Но любовь — любовью, а дело — делом. Николай Антоныч не отдал своего состояния, напротив — он его удвоил. Он принял, например, гнилую одежду для экспедиции, получив от поставщика взятку. Он принял бракованный шоколад, пропахший керосином, тоже за взятку.

— Вредительство, вредительство, — сказал Вышимирский. — План! Вредительский план!

Впрочем, сам Вышимирский прежде был, очевидно, другого мнения об этом плане, потому что он принял в нем участие и был послан Николаем Антонычем в Архангельск, чтобы встретить там экспедицию и дополнить ее снаряжение.

Вот тут—то и появилась на свет доверенность, которую Николай Антоныч показывал Кораблеву.

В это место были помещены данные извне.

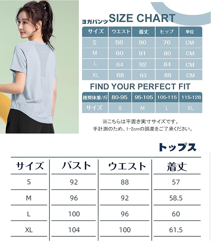 [Karsaer] ヨガウェア 上下セット レディース 体型カバー 半袖 Tシャツ ハイウエスト ヨガパンツ レギンス ピラティス トレーニング ジム スポーツウェア 吸汗速乾 伸縮通気A0063

Вместе с этой доверенностью Вышимирскому были переведены деньги — векселя и деньги…

И, сердито сопя носом, старик вынул из комода несколько векселей. В общем, вексель — это была расписка в получении денег с обязательством вернуть их в указанный срок. Но эта расписка писалась на государственной бумаге, очень плотной, с водяными знаками, и имела роскошный и убедительный вид. Вышимирский объяснил мне, что эти векселя ходили вместо денег. Но это были не совсем деньги, потому что «векселедатель» вдруг мог объявить, что у него нет денег.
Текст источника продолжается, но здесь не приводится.